×
ADVERTISEMENT
ADVERTISEMENT
ADVERTISEMENT

Obama in Asia

Last Updated 28 April 2014, 17:55 IST

Barack Obama’s visit to four Asian countries has been described as a step towards implementing the ‘pivot to Asia’ policy that the US President announced some years ago.

The four countries — Japan, South Korea, the Philippines and Malaysia — have much in common; they are US allies to varying degrees and importantly, are China’s neighbours and are wary of its rising power.

In Japan, Obama failed to clinch a trade deal.

This will cloud the prospects of a proposed 12-nation Trans-Pacific Partnership trade pact.

It is a setback to a key political and economic component of the US’ pivot to Asia. Obama’s visits to South Korea and Malaysia were overshadowed by their preoccupation with recent tragedies.

Thus, although he did reassure Seoul of US support in its troubles with North Korea, this was drowned out by the media’s focus on public grief over the ferry tragedy.

It was in the Philippines that Obama scored his biggest success, signing a 10-year defence pact with the Philippines government.

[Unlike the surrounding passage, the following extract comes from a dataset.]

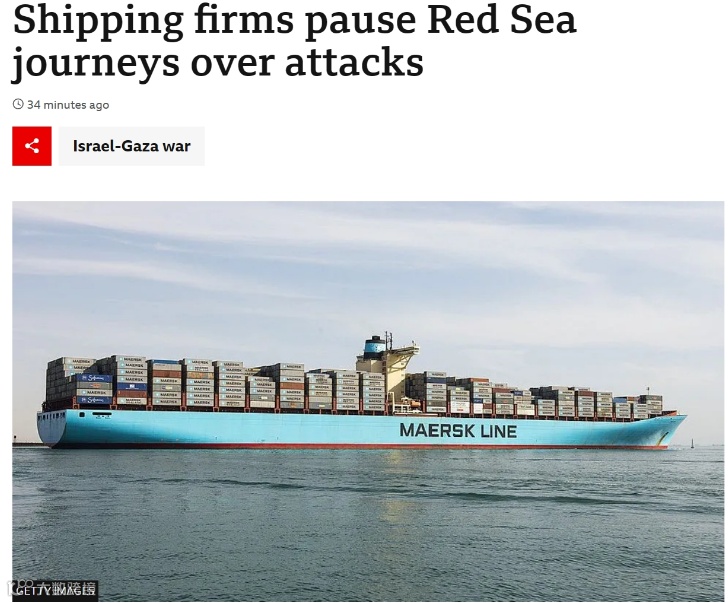 ▲马士基暂停所有途经红海航线(BBC报道)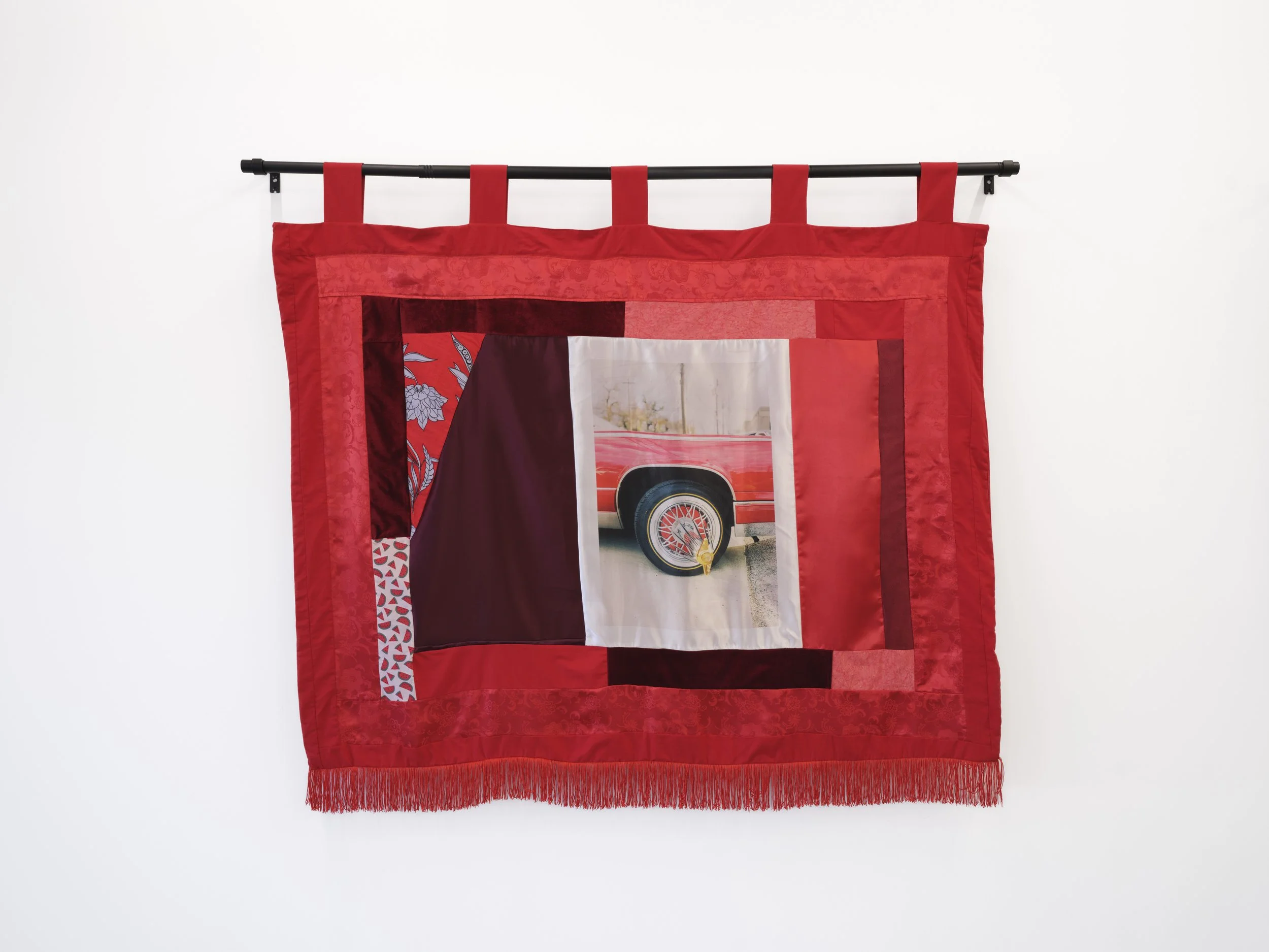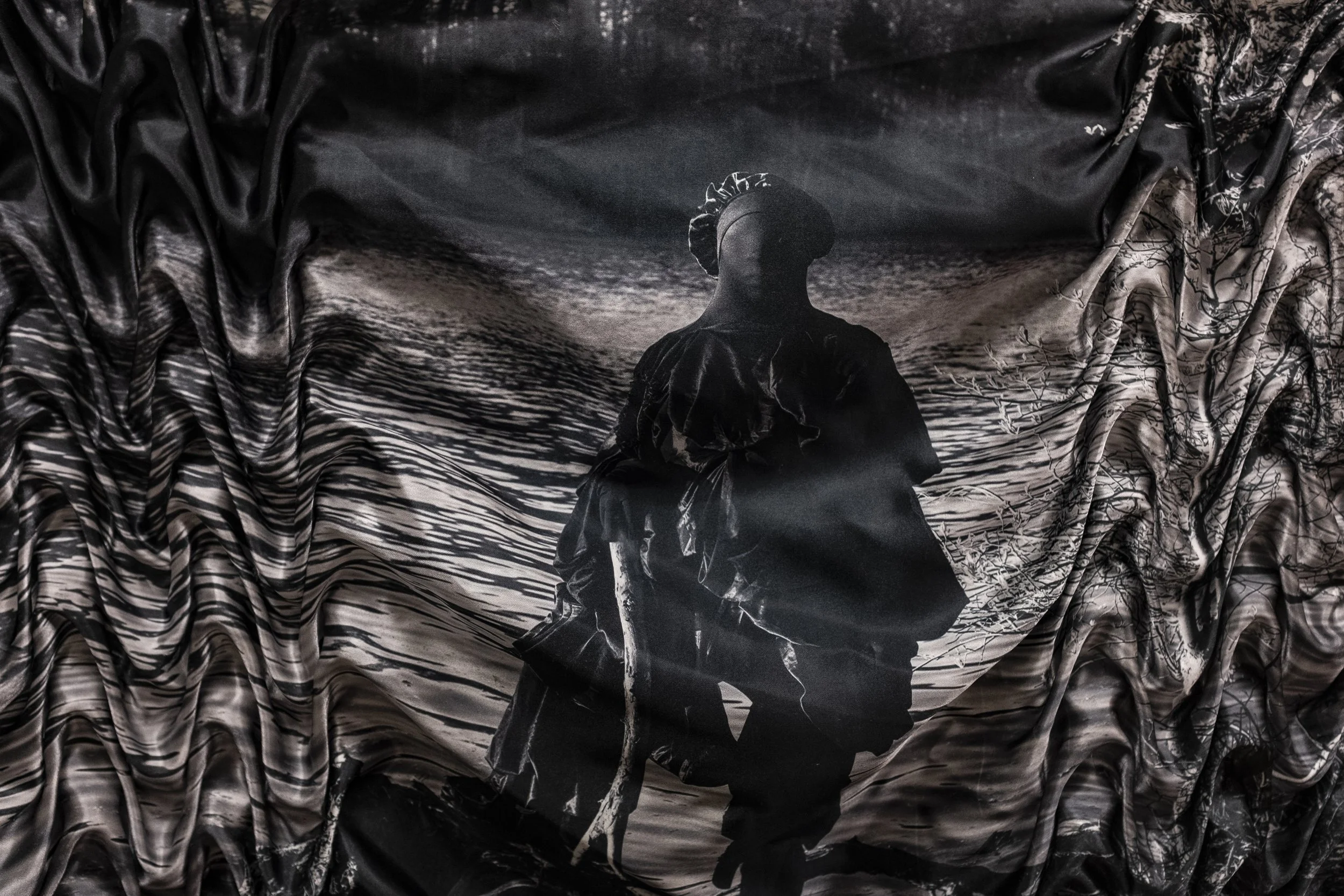 (Not Yet Titled), 2026. Photograph printed on satin, smocking.

It will allow increased presence of US troops in the archipelago and give US forces, planes and ships access to select Philippine bases.

Obama’s long-touted ‘pivot to Asia’ policy has repeatedly run into obstacles in the past with his domestic economic woes and crises in other parts of the world preventing him from focussing on Asia.

Several visits to Asia have been cancelled in recent years on account of these distractions.

That his four-nation visit actually happened despite the crisis in Ukraine suggests a change.

However, this swing through Asia with its limited outcome will convince few that the US foreign policy’s long-standing Eurocentricism and obsession with the Middle East has changed and that Asia is about to take the place of these regions.

It is likely that it was to reassure the US’ allies in Asia of its commitment to them that Obama, while in Japan, loudly affirmed support for Japan’s claims over the Senkaku/Diaoyu islands that China lays claim too as well.

Hitherto, Washington has avoided taking sides in China’s territorial disputes with its neighbours.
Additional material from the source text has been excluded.